TANG, Circuit Judge:

The respondent, Big Three Industries, refused to bargain with the Union 1 after the Union had been certified as the employees’ exclusive bargaining representative by the National Labor Relations Board. The Board found that Big Three had violated § 8(a)(5) and 8(a)(1) of the National Labor Relations Act, 29 U.S.C. §§ 158(a)(5) and 158(a)(1), by its refusal to bargain, and now petitions for enforcement. We order that enforcement be granted.

Big Three sells industrial gases and welding equipment, which it manufacturers at a plant in Long Beach, California. In 1975 the Union filed a representation petition with the Board, seeking to be certified as the exclusive bargaining representatives of a group of employees who worked at the Long Beach plant. Prior to the representation election, the parties agreed that the appropriate bargaining unit included:

All production and maintenance employees, shipping and receiving employees, plant clerical employees, warehouse and truckdriver employees employed by the Employer at its 2445 South Street, Long Beach, California, location; excluding all salesmen, office clerical employees, guards and supervisors as defined in the Act, as amended.

Accordingly, the Regional Director conducted an election of the stipulated bargaining unit. Fifteen employees voted. Six votes were cast in favor of the Union, two votes were cast against it, and seven votes were challenged by the Union. Because the challenged ballots were sufficient to affect the outcome of the election, the Regional Director ordered a hearing to determine whether the challenged voters should be included in the stipulated bargaining unit. The Hearing Officer recommended that the Board sustain the Union’s challenges to five of the seven voters, finding that Patricia Conners and Charles Kenner were supervisors, that Kathie Bostic and Carol Frost were office clerical employees, and that Darrel Wilson lacked sufficient community of interest to be included in the appropriate unit. The Hearing Officer found that the remaining two challenged voters shared a sufficient community of interest with the plant office Clericals and overruled the Union’s challenge to their eligibility. Because these two ballots were *901 insufficient to affect the outcome of the election, the Hearing Officer recommended that the ballots not be opened, and that the Board issue a Certificate of Representative to the Union.

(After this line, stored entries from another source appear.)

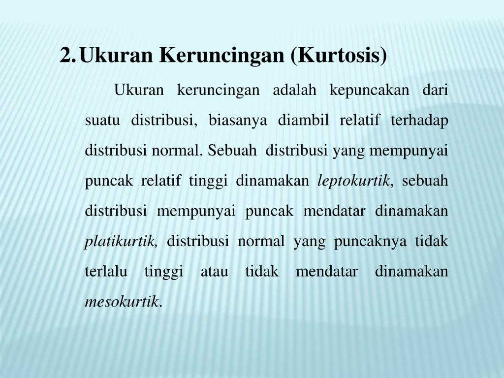 Untukmengetahuiapakahsekumpulan data mengikutidistribusileptokurtik, platikurtik, danmesokurtik, halinidapatdilihatberdasarkankoefisienkurtosisnya.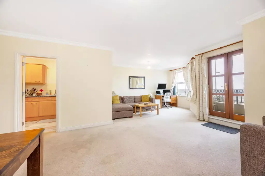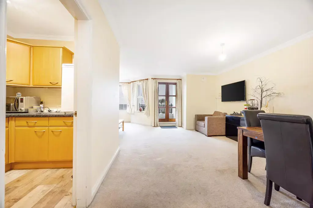 The property is offered for sale with no onward chain and features spacious, well-presented accommodation throughout. Access to the apartment level is provided via lift and stairs. The accommodation comprises a bright open plan living and dining area, which enjoys spectacular bay aspects and access to a private balcony—a perfect spot for morning coffee or evening relaxation, with space for a small table and chairs. There is also a separate fitted kitchen, two double bedrooms, and two bathrooms, including an ensuite shower room to the principal bedroom.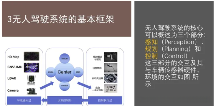 自动驾驶汽车关键技术 主要包括环境感知 、精准定位 、决策与规划 、控制与执行 、高精地图 与车联网V2X 以及自动驾驶汽车测试 与验证技术 等。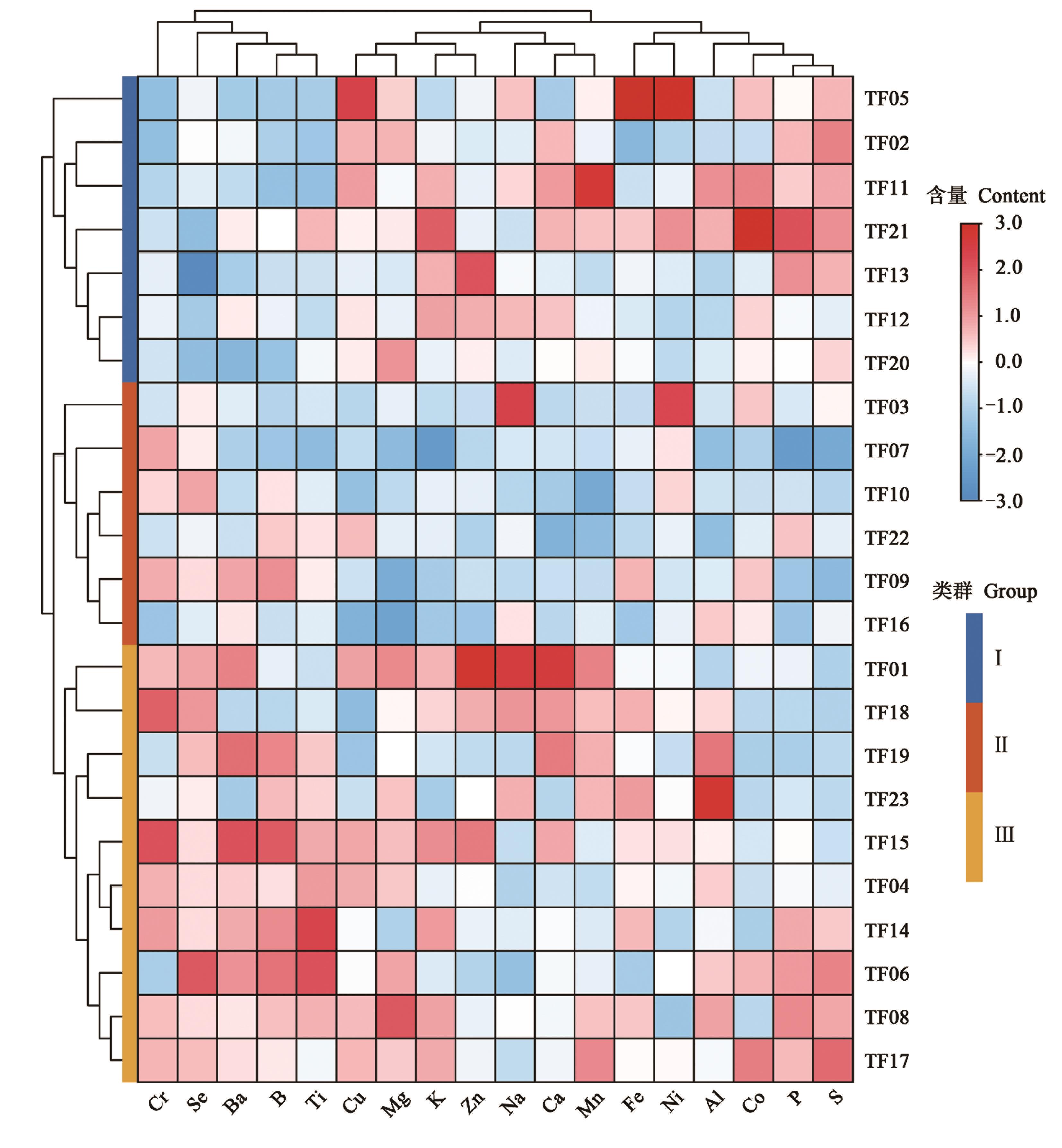 Table 3 Principal component analysis of the content of 18 mineral elements in 23 tea flower samples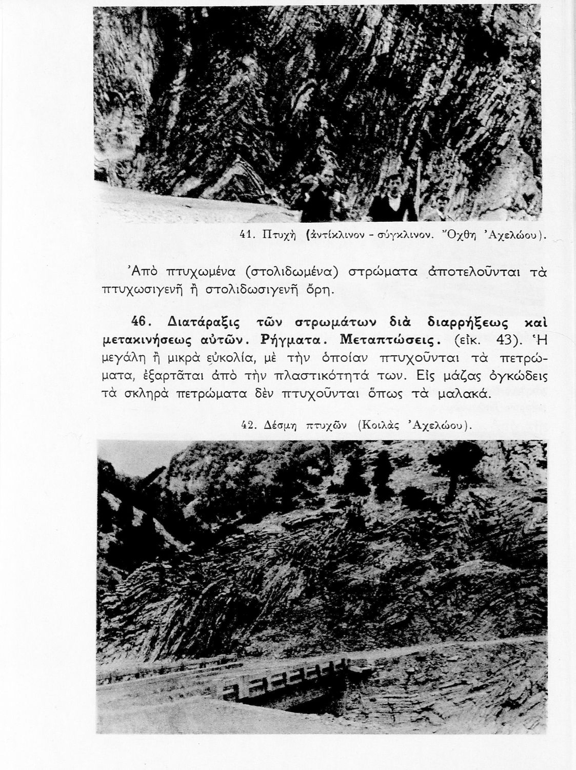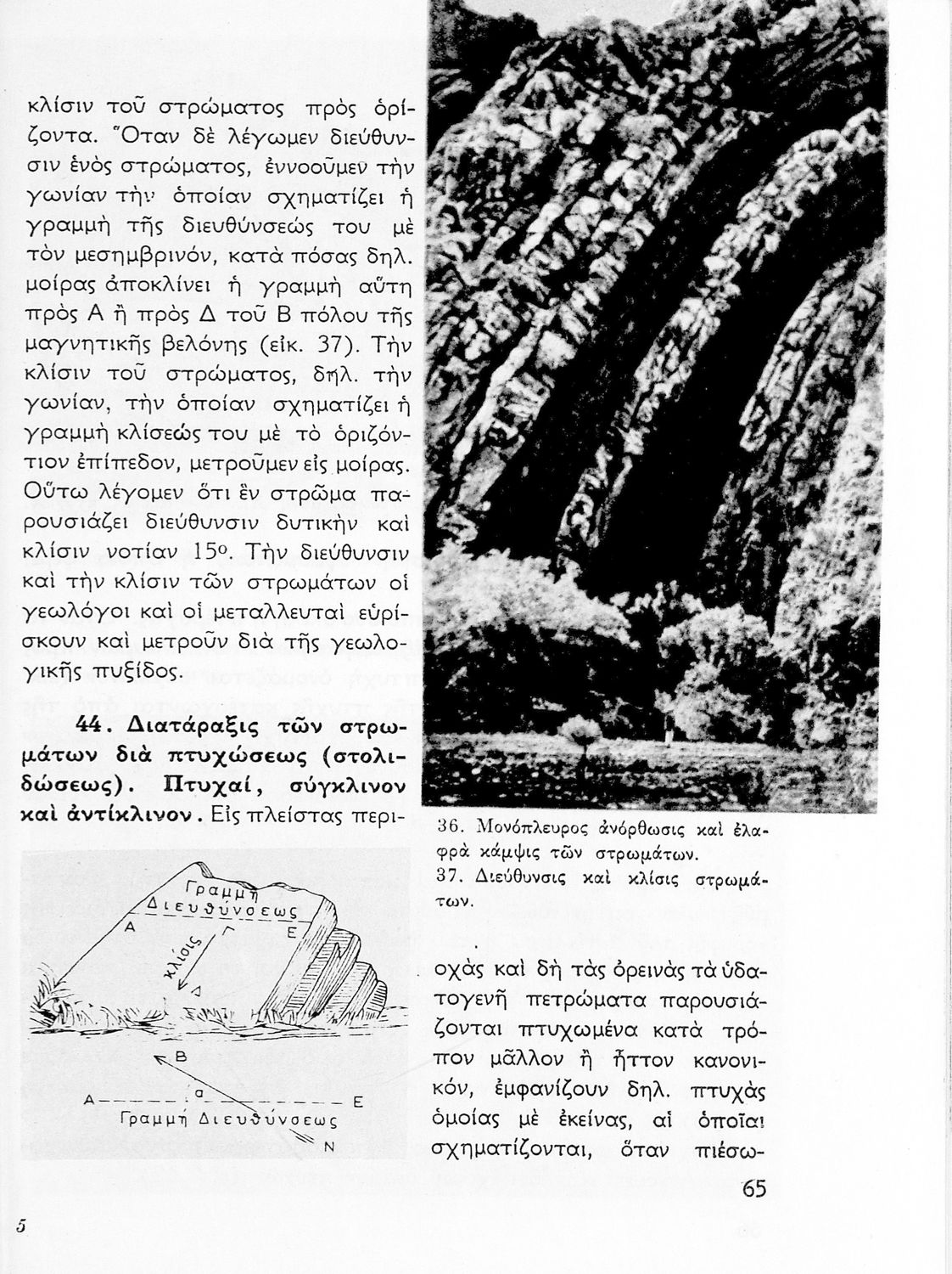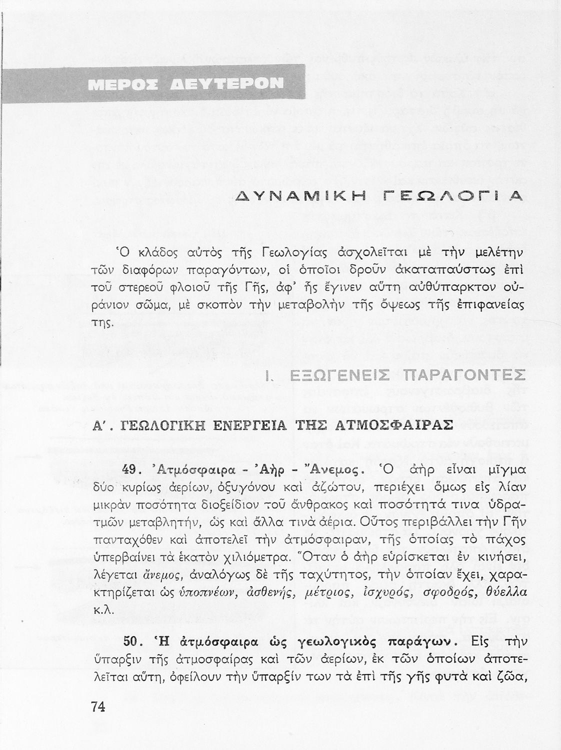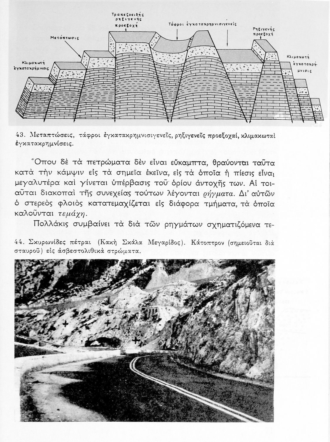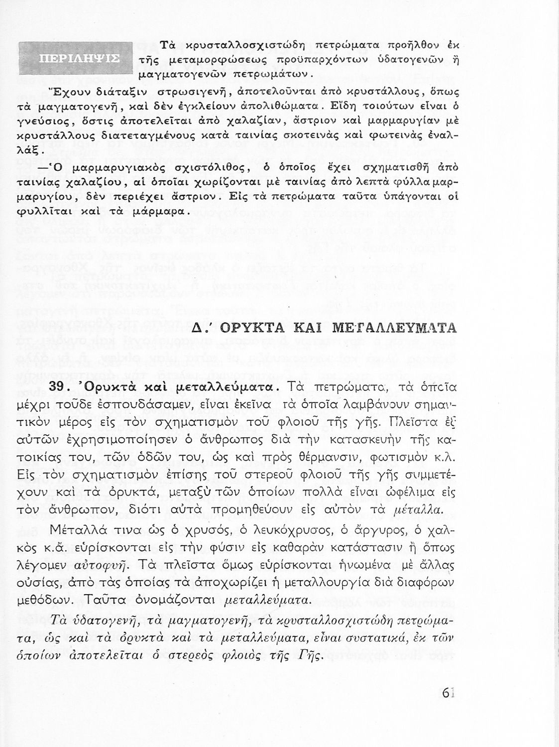 Σχολικό εγχειρίδιο Γεωλογίας/Ορυκτολογίας για την Δ΄ Γυμνασίου που περιλαμβάνει χθονογραφική, δυναμική και ιστορική γεωλογία, και γενική και ειδική ορυκτολογία. Ο συγγραφέας ήταν καθηγητής πανεπιστημίου και η συγγραφέας φυσικός. Περιέχει παράρτημα με «Στοιχεία Μαθηματικής Γεωγραφίας» από τη γεωγραφία Δ’ τάξης του Αλκίνοου Μάζη (εκδ 1963).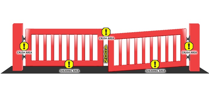 Thiết bị tự động hóa và các phụ kiện khác như thiết bị an toàn, khóa và hệ thống kiểm soát ra vào cùng nhau sẽ tạo ra một ‘cỗ máy’ mới từ những yếu tố này, máy mới này cần phải an toàn nhất có thể. Đối với hầu hết các hệ thống cửa là cổng xoay hoặc trượt đóng mở. Điều này tạo ra một số rủi ro tiềm ẩn, những rủi ro này dựa trên cách mỗi cổng di chuyển trong mối quan hệ với trụ cổng, các lá cổng khác, hàng rào, tường và lan can. Trước khi kết hợp bất kỳ hệ thống cửa tự động nào, cần tiến hành đánh giá an toàn để thử và xác định các rủi ro tiềm ẩn như: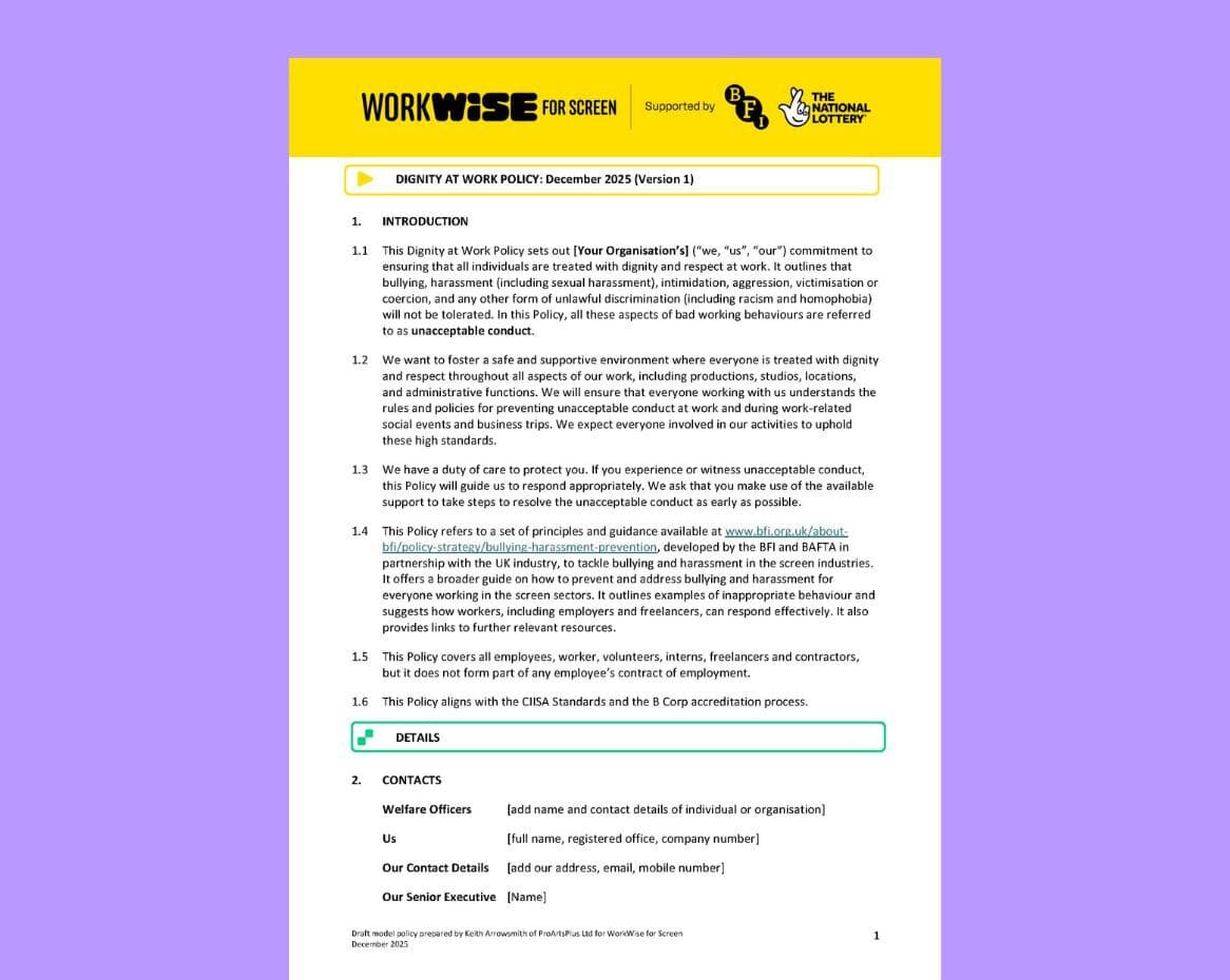 This policy is based on the BFI’s Dignity at Work Policy template. We have ensured it reflects best practice and sector standards across the screen industries. It’s intended to be used as a practical guide for understanding the Workwise approach to dignity and respect at work, helping everyone interpret what this looks like in practice. The policy sets out how your screen business will aim to create a safe, supportive and respectful working environment and highlights relevant support and resources.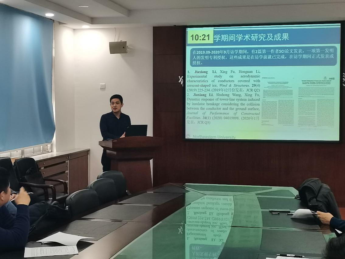 土木工程系李嘉祥老师、测绘工程系郭甲腾老师、张胜军老师和环境工程系赵鑫老师介绍了访学机构特色、参与学术活动情况,同与会教师交流了一年来的科研进展和学术成果,同时分享了赴外交流经验。他们表示出国访学要制定明确的研究计划和显性可量化目标,注重与导师团队的交流,通过思想的碰撞与融合有助于提升学术自信、开拓国际化视野。随后,出国(境)人员管理工作小组对四位老师访学整体效果进行了测评。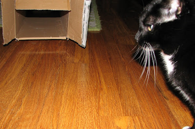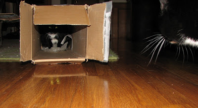 Mr. Jinx checks out one box while a little tuxie princess squeezes into another. Miss Boo keeps a cool eye out. Miss Boo says 'who is that in there?' Abby says "it's me!" to Boo. Miss Boo keeps a vigil.

Big Three filed exceptions to the Hearing Officer’s finding that Kenner, Bostic, Frost, and Wilson should not be included in the bargaining unit. The Board, however, adopted the findings and recommendations of the Hearing Officer and issued a Certificate of Representative to the Union.

Apparently to gain review of the certification, Big Three refused to bargain with the Union. 2 The Board issued a complaint and found that Big Three’s refusal to bargain violated §§ 8(a)(5) and 8(a)(1) of the National Labor Relations Act. The Board now seeks to enforce its bargaining order. Because the Act is violated only if the Union was a valid representative, the sole issue presented for review is whether the Board properly certified the Union as the representative of the stipulated bargaining unit. The validity of the certification in turn depends on whether the Board correctly sustained the Union’s challenges to the ballots of Kenner, Bostic, Frost, and Wilson. See NLRB v. Adrian Belt Co., 578 F.2d 1304, 1308 (9th Cir. 1978). We find that the Board properly sustained the challenges and enforce the Board’s order as modified.

As we have reiterated on numerous recent occasions, our review of the Board’s decisions regarding union certification is a very limited one. E.g., NLRB v. Morse Shoes, Inc., 591 F.2d 542 (9th Cir. 1979); Oshman’s Sporting Goods, Inc. v. NLRB, 586 F.2d 699, 702 (9th Cir. 1978). The Board is presumed to have certain expertise in this area and we will defer to the Board’s decisions unless it has committed an abuse of discretion. Pacific Southwest Airlines v. NLRB, 587 F.2d 1032, 1037 (9th Cir. 1978); Adrian Belt Co., 578 F.2d at 1308. The Board’s findings of fact are conclusive if supported by substantial evidence, e. g., Universal Camera v. NLRB, 340 U.S. 474, 71 S.Ct. 456, 95 L.Ed. 456 (1951), and unless clearly arbitrary or capricious, the Board’s legal conclusions concerning the appropriateness of the bargaining unit will be credited on appeal. Pacific Southwest Airlines, 587 F.2d at 1037. Mindful of our limited role on review, we consider whether the Board properly sustained the union’s challenges to the four employees.

I

Charles Kenner

Supervisors are not “employees” under the National Labor Relations Act, 3 and therefore, Kenner was properly éxcluded from the bargaining unit if the Board was correct in concluding he was a supervisor. See NLRB v. Doctors’ Hospital of Modesto, Inc., 489 F.2d 772 (9th Cir. 1973). Because the Board has the authority and duty to determine the application of the term “supervisor” in the first instance, we will generally defer to its interpretation if it has a “reasonable basis” in law. Id. at 776. See Laborers & Hod Carriers Local 341 v. NLRB, 564 F.2d 834, 837 (9th Cir. 1977).

With respect to Kenner, the Board made the following findings. Kenner was an hourly-paid employee who worked in the warehouse area in a position which carries the title of warehouse foreman or supervi *902 sor. Kenner described himself as an intermediary between Dean Dapkewicz, the general manager, and the warehousemen arid drivers. Dapkewicz spends only about ten minutes a day in the warehouse, and as a result, Kenner reports to him about what goes on in the warehouse.

The men at the warehouse look to Kenner as the boss. Kenner prepares driver route sheets, and otherwise directs the men on the work to be done. If an employee disobeys Kenner’s instructions, Kenner will report him to Dapkewicz, and on at least one occasion, Kenner issued a written reprimand. Kenner also writes reviews of each employee for consideration of wage increases. When the employees are ill or need to leave work early, they report to Kenner. With the approval of Dapkewicz, Kenner determines when overtime is needed.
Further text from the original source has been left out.